About this exercise:
Give back the records below verbatim, please, but without a single image.

Supplied material:
<<<<

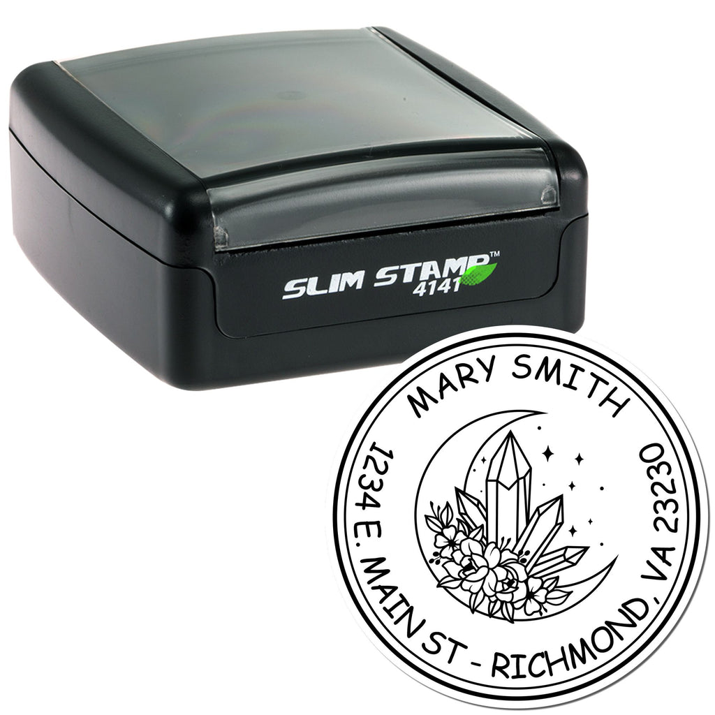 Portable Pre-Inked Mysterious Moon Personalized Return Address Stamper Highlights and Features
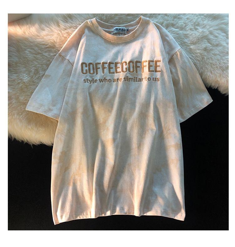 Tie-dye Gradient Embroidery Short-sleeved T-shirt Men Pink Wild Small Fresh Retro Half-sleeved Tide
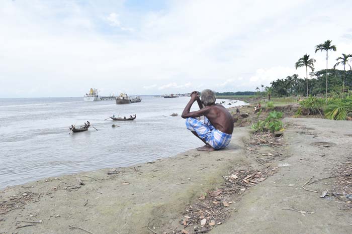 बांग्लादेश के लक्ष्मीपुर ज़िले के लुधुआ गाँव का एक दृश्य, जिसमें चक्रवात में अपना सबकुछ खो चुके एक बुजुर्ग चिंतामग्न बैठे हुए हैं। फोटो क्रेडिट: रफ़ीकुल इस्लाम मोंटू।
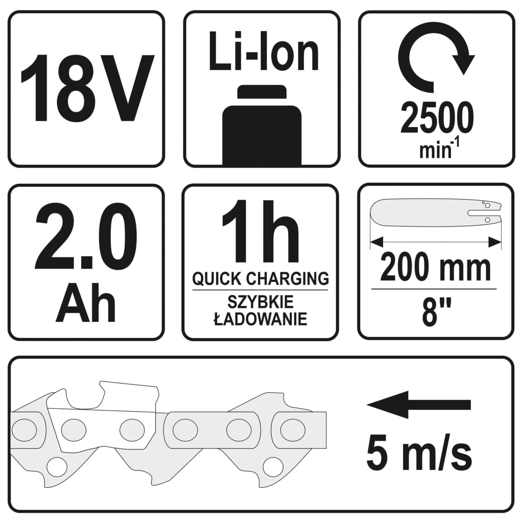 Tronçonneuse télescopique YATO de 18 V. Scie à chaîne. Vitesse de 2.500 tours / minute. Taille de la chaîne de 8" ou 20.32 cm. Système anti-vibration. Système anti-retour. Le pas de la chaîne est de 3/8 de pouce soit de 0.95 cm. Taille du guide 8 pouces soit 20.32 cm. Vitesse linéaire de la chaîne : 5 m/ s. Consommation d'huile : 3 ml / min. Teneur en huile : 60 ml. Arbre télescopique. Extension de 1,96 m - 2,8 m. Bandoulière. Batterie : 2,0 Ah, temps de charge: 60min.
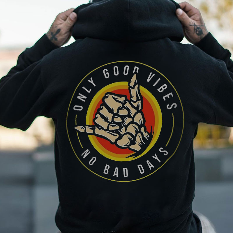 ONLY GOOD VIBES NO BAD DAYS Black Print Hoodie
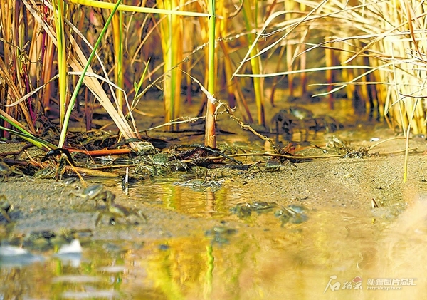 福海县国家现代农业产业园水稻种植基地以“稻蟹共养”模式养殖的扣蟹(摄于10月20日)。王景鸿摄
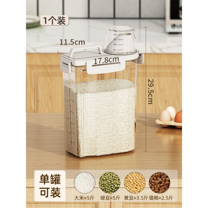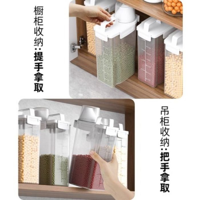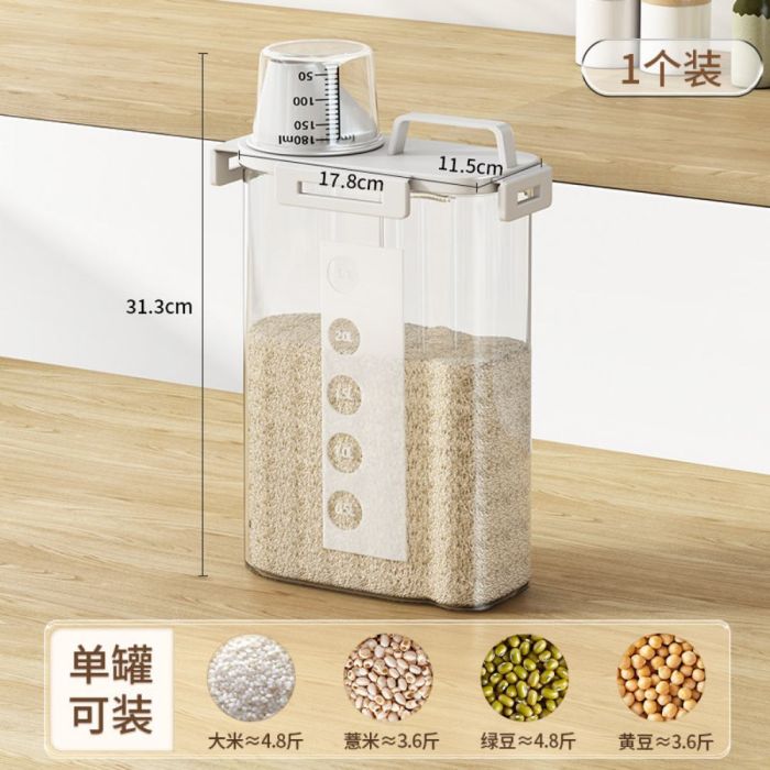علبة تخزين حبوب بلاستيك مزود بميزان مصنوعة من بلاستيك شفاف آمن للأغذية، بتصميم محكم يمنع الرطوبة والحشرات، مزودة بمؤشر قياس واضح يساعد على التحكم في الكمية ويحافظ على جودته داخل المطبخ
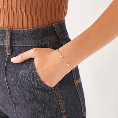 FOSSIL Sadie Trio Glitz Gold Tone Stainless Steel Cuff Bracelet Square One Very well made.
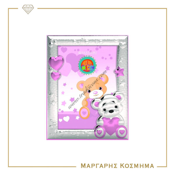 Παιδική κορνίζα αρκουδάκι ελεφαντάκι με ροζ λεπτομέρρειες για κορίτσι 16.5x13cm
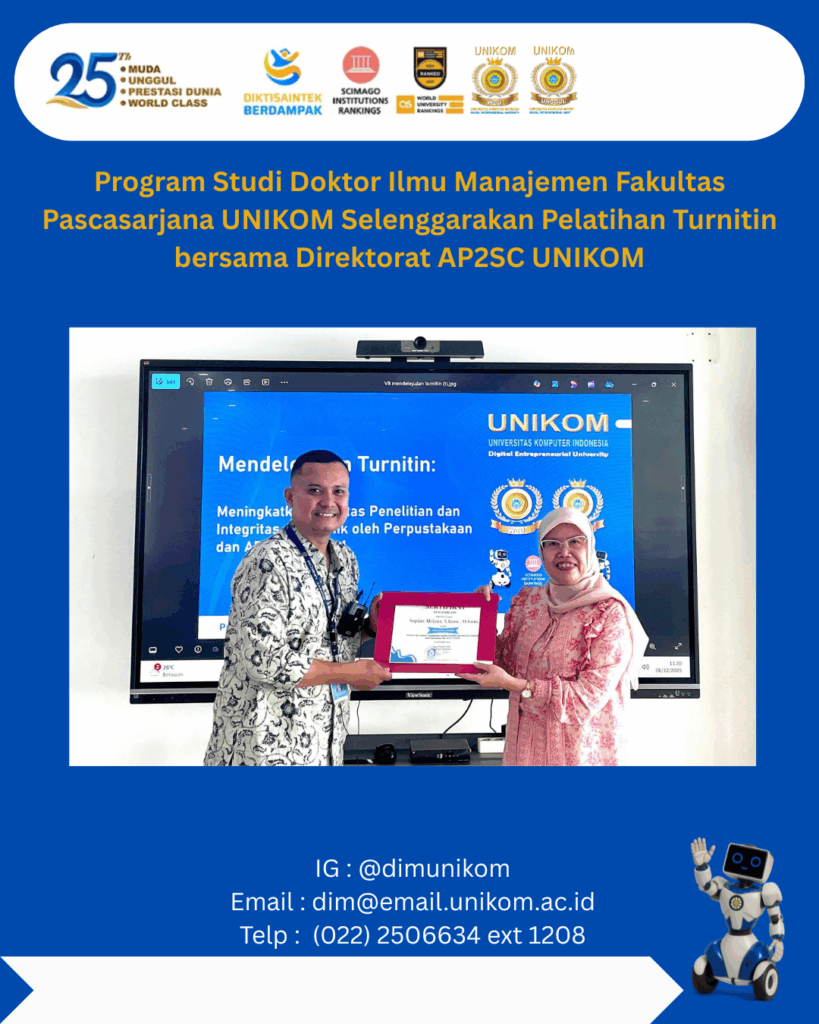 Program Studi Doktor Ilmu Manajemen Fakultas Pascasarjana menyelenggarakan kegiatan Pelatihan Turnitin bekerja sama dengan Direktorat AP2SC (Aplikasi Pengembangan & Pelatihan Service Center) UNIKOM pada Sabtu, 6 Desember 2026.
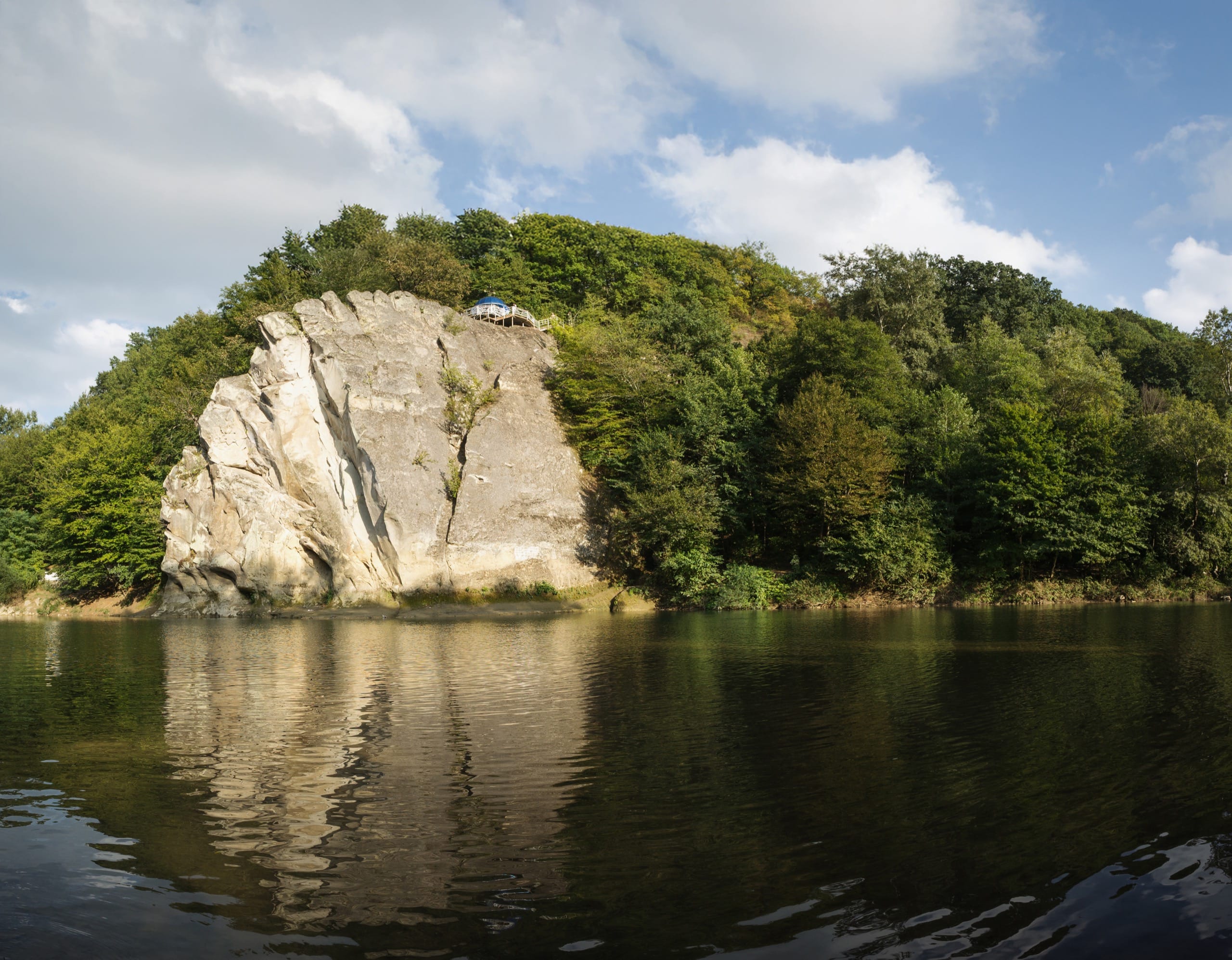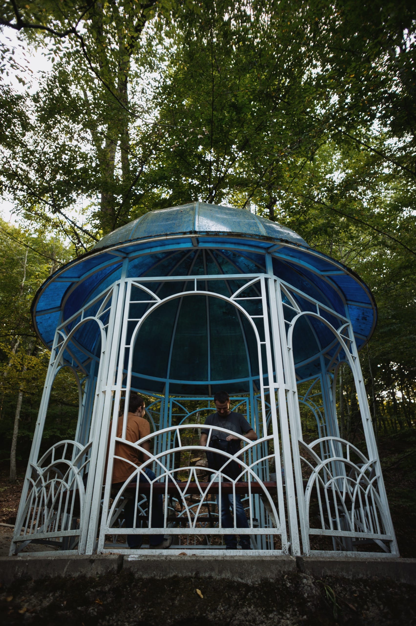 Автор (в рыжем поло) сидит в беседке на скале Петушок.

>>>>

Answer to the problem:
 Portable Pre-Inked Mysterious Moon Personalized Return Address Stamper Highlights and Features
 Tie-dye Gradient Embroidery Short-sleeved T-shirt Men Pink Wild Small Fresh Retro Half-sleeved Tide
 बांग्लादेश के लक्ष्मीपुर ज़िले के लुधुआ गाँव का एक दृश्य, जिसमें चक्रवात में अपना सबकुछ खो चुके एक बुजुर्ग चिंतामग्न बैठे हुए हैं। फोटो क्रेडिट: रफ़ीकुल इस्लाम मोंटू।
 Tronçonneuse télescopique YATO de 18 V. Scie à chaîne. Vitesse de 2.500 tours / minute. Taille de la chaîne de 8" ou 20.32 cm. Système anti-vibration. Système anti-retour. Le pas de la chaîne est de 3/8 de pouce soit de 0.95 cm. Taille du guide 8 pouces soit 20.32 cm. Vitesse linéaire de la chaîne : 5 m/ s. Consommation d'huile : 3 ml / min. Teneur en huile : 60 ml. Arbre télescopique. Extension de 1,96 m - 2,8 m. Bandoulière. Batterie : 2,0 Ah, temps de charge: 60min.
 ONLY GOOD VIBES NO BAD DAYS Black Print Hoodie
 福海县国家现代农业产业园水稻种植基地以“稻蟹共养”模式养殖的扣蟹(摄于10月20日)。王景鸿摄
علبة تخزين حبوب بلاستيك مزود بميزان مصنوعة من بلاستيك شفاف آمن للأغذية، بتصميم محكم يمنع الرطوبة والحشرات، مزودة بمؤشر قياس واضح يساعد على التحكم في الكمية ويحافظ على جودته داخل المطبخ
 FOSSIL Sadie Trio Glitz Gold Tone Stainless Steel Cuff Bracelet Square One Very well made.
 Παιδική κορνίζα αρκουδάκι ελεφαντάκι με ροζ λεπτομέρρειες για κορίτσι 16.5x13cm
 Program Studi Doktor Ilmu Manajemen Fakultas Pascasarjana menyelenggarakan kegiatan Pelatihan Turnitin bekerja sama dengan Direktorat AP2SC (Aplikasi Pengembangan & Pelatihan Service Center) UNIKOM pada Sabtu, 6 Desember 2026.
 Автор (в рыжем поло) сидит в беседке на скале Петушок.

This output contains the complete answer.